Ergebnisse: https://www.shcup-husum.de/images/2017/Ergebn-Immelmann_5_10Km.pdf


Itzehoer Störlauf: 

Keine drei Tage später ging es auch schon weiter nach Itzehoe, um bei einem der schönsten Läufe Schleswig-Holsteins einen Halbmarathon abzuspulen. Hier gelang es mir, den Wettkampf als schnellen Trainingslauf in mein Training zu integrieren. Mit über zwei Minuten Vorsprung konnte ich das Rennen für mich entscheiden. Die Zeit von 1:17:14 war dabei nebensächlich. Als Preis erhielt ich eine Reise nach München und einen Freistart beim Münchenmarathon. Ich werde ihn dieses Jahr jedoch nicht antreten können, da mein Sohn zu dem Zeitpunkt erst ein paar Wochen alt sein wird. Die Bahnfahrt, zwei Übernachtungen in einem sehr schönen Hotel und den Marathonstart,  werde ich versuchen auf Philipp Müller und Stefanie Zietan zu übertragen. 

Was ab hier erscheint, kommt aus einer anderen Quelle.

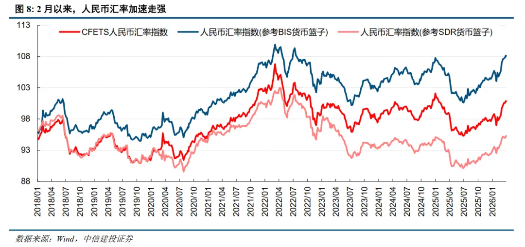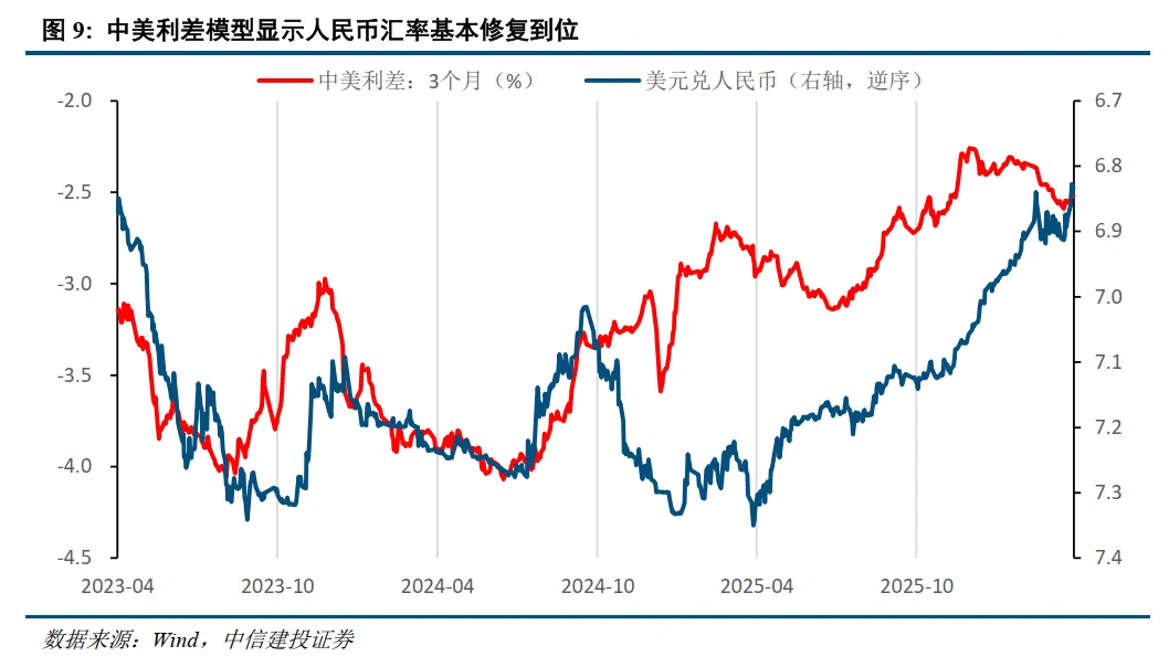 对市场流动性和风险偏好提供支撑的另一因素来自人民币汇率近期的强势表现。美以伊战争为中国带来新的战略机遇,凭借“煤炭+新能源”双支柱能源底座和稳定的供应链优势,人民币始终维持强势,中东停火后美元快速走弱进一步推升了人民币汇率走强,也对A股的反弹提供了支撑。不过根据中美3个月利差模型,目前人民币汇率已经基本修复到位,未来对A股的支撑可能有所弱化。

Ergebnisse:  http://www.stgk.org/Ergebnisse/2017/33/hm-gesamt.pdf


Lauf zwischen den Meeren:

Neben  der Landesliga ist der Start beim größten Laufevent Schleswig-Holsteins das Highlight des Monats. Auch dieses Jahr ging ich für zwei Staffeln an den Start. Für das Dithmarscher Team "Das Magazin das läuft" und meinen Verein Borener SV. Bei diesem Lauf steht nicht der einzelne Läufer im Mittelpunkt, sondern die Staffel. Das Ziel besteht darin, einen Staffelstab von Husum nach Dampf (95,5 Kilometer) zu bringen. Hierfür müssen insgesamt zehn Etappen gelaufen werden. Dieses Jahr gingen 800 Staffeln an den Start. Dies beutet, dass 8000 Läufer quer durch Schleswig-Holstein unterwegs waren. Für die Dithmarscher, als zugezogener Dithmarscher, lief ich gleich zu Beginn die erste Etappe von Husum nach Wittbek. Erwartungsgemäß bieten  die Staffeln auf dieser Etappe ihre schnellsten Läufer auf. 

 

Zielsprint gegen Volker Goineau

Auf dem ersten Kilometer befand ich mich in der Spitzengruppe wieder, umgeben von Läufern, die in der Lage sind 29er, 30er und 31er Zeiten zu laufen. Nicolai Riechers, Karsten Meier, Steffen Uliczka und Volker Goineau stellen national eine Größe dar. Ich fühlte mich gut und wollte austesten, wie lange ich mit den Spitzenläufern mithalten kann. Die Durchgangszeit bei Kilometer fünf betrug 15:40 Minuten und fühlte sich noch gut an. Nicolai musste dem hohen Tempo bereits Tribut zahlen und fiel etwas ab. Ab Kilometer 4 wurde für die nächsten drei   Kilometer das Tempo etwas angezogen (3:04 / 3:05 / 3:05). Ich lies Karsten, Steffen und Volker ein paar Meter davon ziehen und versuchte ein für mich "angenehmes" Tempo zu finden. Bei Kilometer 9 konnte Steffen den beiden Führenden nicht mehr folgen und musste abreißen lassen. Kurze Zeit später konnte ich Steffen einholen und überholen. Ohne mich hinten reinzuhängen, entschloss ich mich an ihm vorbeizuziehen, um Stärke zu zeigen, obwohl der laktazide Bereich nicht mehr in weiter Ferne lag. Auf der dritten Position konnte ich den Zweikampf zwischen Volker und Karsten beobachten, den Karsten bei Kilometer 11 für sich entscheiden konnte. Da der Rückstand zu Volker überschaubar war und Steffen nicht weit entfernt hinter mir lief, holte ich auf den letzten Metern alles aus mir raus. Belohnt wurde ich mit dem zweiten Platz. Auf den letzten Metern gelang mir ein ähnlich starker Schlusssprint wie in Flensburg. Der Rückstand auf den Führenden betrug letztlich nur fünf Sekunden. Es war für mich bis dato der schnellste Lauf, den ich je gelaufen bin. Die ersten 10 Kilometer, der 11,5 Kilometer langen Strecke, waren mit 31:24 eine persönliche Bestzeit. 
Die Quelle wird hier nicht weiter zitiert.